In this post, I start exploring the RSRuby interface and its facilities for handling some simple statistical operations. At the moment I am not interested in many of the options available for the different procedures, but just want to understand how to pass data to R from Ruby, and do some useful computations.
Given a list of readings, such as: [4, 2, 35, 10, 17, 3, 6, 8] we can compute the mean, median, variance, and standard deviation as follows:
irb(main):052:0> require 'RSRuby' irb(main):053:0> r = RSRuby.instance irb(main):054:0> a = [4, 2, 35, 10, 17, 3, 6, 8] irb(main):055:0> r.mean(a) => 10.625 irb(main):056:0> r.median(a) => 7.0 irb(main):057:0> r.var(a) => 119.982142857143 irb(main):058:0> r.sd(a) => 10.9536360564491
This is straightforward. The RSRuby bridge converts our Ruby array stored in the variable 'a' into an 'R' object, and calls the appropriate methods, as illustrated.

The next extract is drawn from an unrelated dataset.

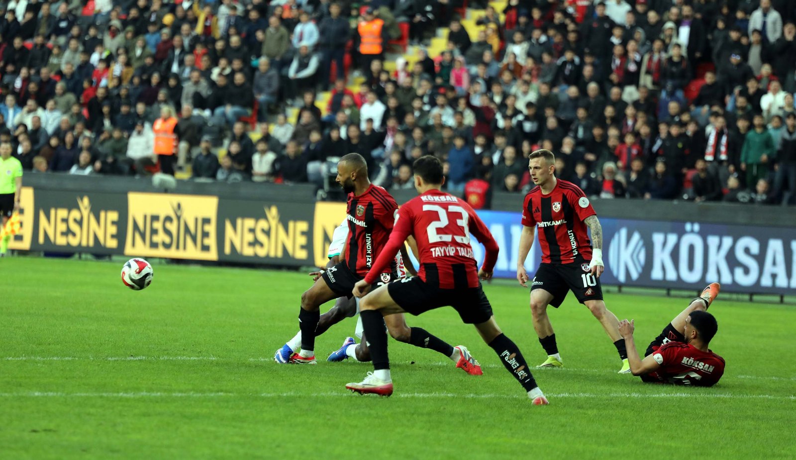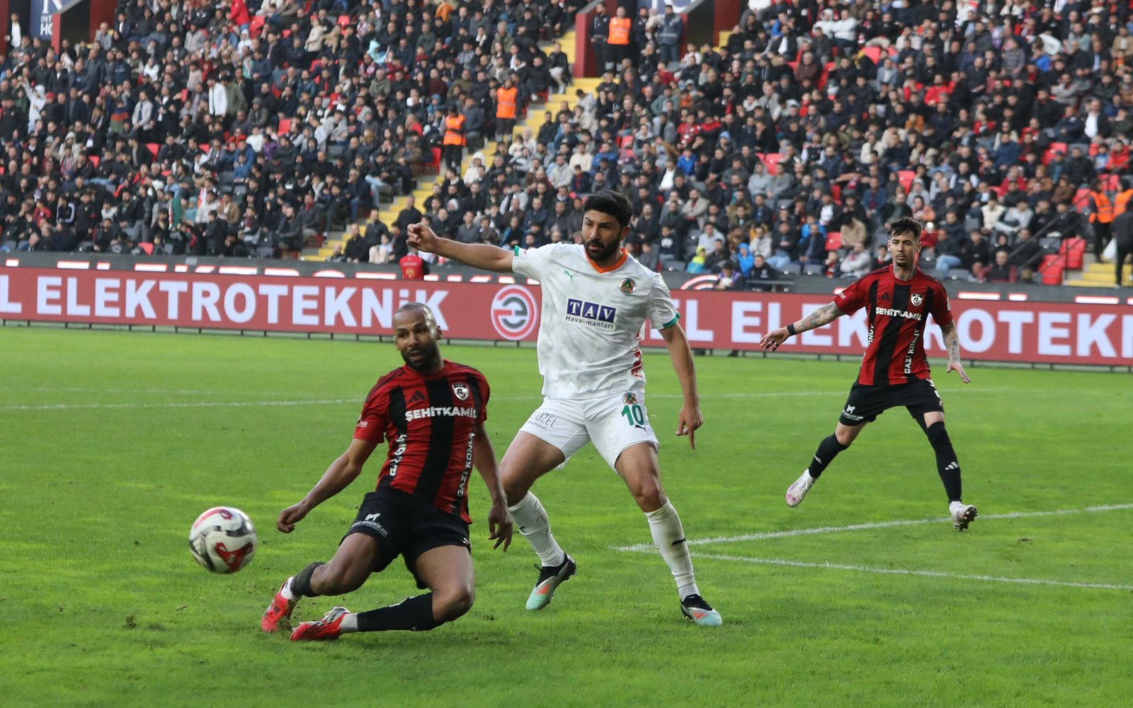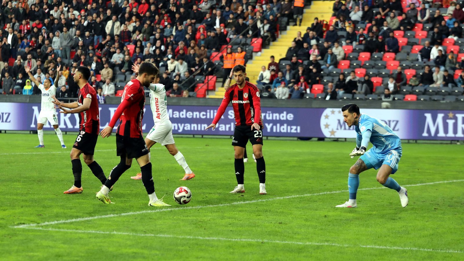 22’nci dakikada Gaziantep FK’da Maxim’in serbest vuruşunda karambolde seken topu Tayyip Talha’dan önce Alanyaspor savunması uzaklaştırdı.

Often in modelling experiments we have a set of observed data and a set of predicted data, and we would like to compute the fit of the predicted data from the model to the observations. There are various tests to help us compute this.
The covariance is one measure of how two variables change together. The covariance is zero if the two sets of variables are unrelated; positive if the variables are related and change in the same direction; and negative if the variables are related and change in different directions. Covariances are computed easily in RSRuby, passing the data as two arrays:
irb(main):074:0> a = [1,2,3,4,5,6] => [1, 2, 3, 4, 5, 6] irb(main):075:0> b = [2,4,6,8,10,12] => [2, 4, 6, 8, 10, 12] irb(main):076:0> c = [6,5,4,3,2,1] => [6, 5, 4, 3, 2, 1] irb(main):077:0> d=[2,2,2,2,2,2] => [2, 2, 2, 2, 2, 2] irb(main):078:0> r.cov(a,b) => 7.0 irb(main):079:0> r.cov(a,c) => -3.5 irb(main):080:0> r.cov(a,d) => 0.0
Notice that 'b' changes in the same way as 'a', 'c' changes but in the opposite direction to 'a', and 'd' has no relation to 'a' whatsoever.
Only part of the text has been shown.